Gemnasium dependency scanning and code quality failed

Question

i have the following gitlab-ci.yml snippet of the few first code and the test script

---
# Based on the Maven CI/CD template from GitLab: https://gitlab.com/gitlab-org/gitlab/-/blob/master/lib/gitlab/ci/templates/Maven.gitlab-ci.yml
variables:
  # `showDateTime` will show the passed time in milliseconds. You need to specify `--batch-mode` to make this work.
  MAVEN_OPTS: >-
    -Dhttps.protocols=TLSv1.2
    -Dmaven.repo.local=$CI_PROJECT_DIR/.m2/repository
    -Dorg.slf4j.simpleLogger.showDateTime=true
    -Djava.awt.headless=true
  # As of Maven 3.3.0 instead of this you MAY define these options in `.mvn/maven.config` so the same config is used
  # when running from the command line.
  # As of Maven 3.6.1, the use of `--no-tranfer-progress` (or `-ntp`) suppresses download and upload messages.

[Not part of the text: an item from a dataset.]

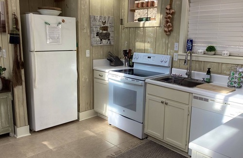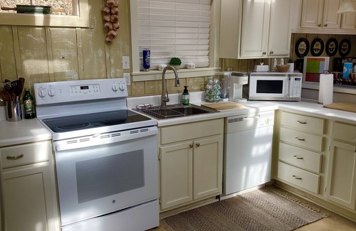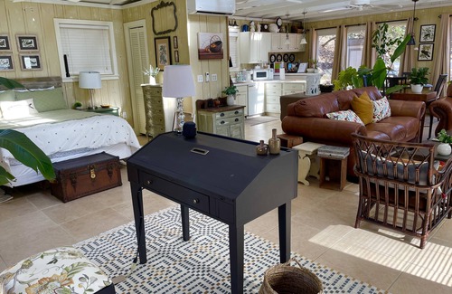 The studio has a spacious feel with open area bedroom, full bath and family room featuring flat panel cable TV with DVD. Sunshine fills the living area by day, and the fire pit and chairs afford cozy nights by the fire. The fully equipped kitchen features oven, stove, refrigerator, large microwave, dishwasher, toaster, coffeemaker and additional small appliances. The dining table with chairs can seat up to four. You have everything you need to prepare a homemade family feast. Completely refurbished with new bathroom, appliances and furnishings.

The use
  # of the `Slf4jMavenTransferListener` is no longer necessary.
  # `installAtEnd` and `deployAtEnd` are only effective with recent version of the corresponding plugins.
  MAVEN_CLI_OPTS: >-
    --batch-mode
    --errors
    --fail-at-end
    --show-version
    --no-transfer-progress
    -DinstallAtEnd=true
    -DdeployAtEnd=true

# TODO: Add and configure the following CI job templates into the CI/CD configuration:
#       - [Code Quality](https://docs.gitlab.com/ee/ci/testing/code_quality.html)
#       - [Dependency Scanning](https://docs.gitlab.com/ee/user/application_security/dependency_scanning/)
#       - [Static Application Security Testing (SAST)](https://docs.gitlab.com/ee/user/application_security/sast/)
# Check the list of available CI job templates at https://gitlab.com/gitlab-org/gitlab/-/tree/master/lib/gitlab/ci/templates
include:
  - template: Jobs/Secret-Detection.gitlab-ci.yml
  - template: Workflows/Branch-Pipelines.gitlab-ci.yml
  - template: Security/Dependency-Scanning.gitlab-ci.yml
  - template: Jobs/SAST.gitlab-ci.yml
  - template: Code-Quality.gitlab-ci.yml

//some more code//
test:
  stage: test
  image: docker.io/library/maven:3.9.5-eclipse-temurin-17-focal
  services:
    - name: docker.io/library/postgres:14-alpine
      alias: database
  variables:
    SPRING_DATASOURCE_URL: jdbc:postgresql://database:5432/sitodo
    SPRING_DATASOURCE_USERNAME: sitodo
    SPRING_DATASOURCE_PASSWORD: sitodo_cicd
    POSTGRES_USER: sitodo
    POSTGRES_PASSWORD: sitodo_cicd
  needs:
    - build
  before_script:
    - apt-get update && apt-get install -y firefox
    - java -version && javac --version && mvn --version
    - pwd
  script:
    # Run test suites
    - mvn $MAVEN_CLI_OPTS clean test
    # Run PMD and generate test reports
    - mvn $MAVEN_CLI_OPTS verify -DskipTests
    # Get line coverage
    - grep -o "Total[^%]*%" target/site/jacoco/index.html
  coverage: '/Total.*?(\d{1,3})%/'
  cache:
    key:
      files:
        - pom.xml
    paths:
      - .m2/repository
  artifacts:
    paths:
      - target/*.exec
      - target/site/jacoco/
      - target/pmd.xml
      - target/site/pmd.html

    reports:
      junit:
        - target/surefire-reports/TEST-*.xml

///remaining code//

i have added the template needed to trigger dependency scanning job and code quality scanning job, however, it still generates error in pipeline for dependency scanning and code quality such as below

Uploading artifacts for failed job 00:02
Uploading artifacts...
WARNING: **/gl-sbom-*.cdx.json: no matching files. Ensure that the artifact path is relative to the working directory (/builds/heidi.renata/test-automation-exercise) 
ERROR: No files to upload                          
Uploading artifacts...
WARNING: gl-dependency-scanning-report.json: no matching files. Ensure that the artifact path is relative to the working directory (/builds/heidi.renata/test-automation-exercise) 
ERROR: No files to upload                          
Cleaning up project directory and file based variables 00:00
ERROR: Job failed: exit code 1

the job also still failed i have try to modify my .yml file but it seems i still do it incorrectly, what should i do?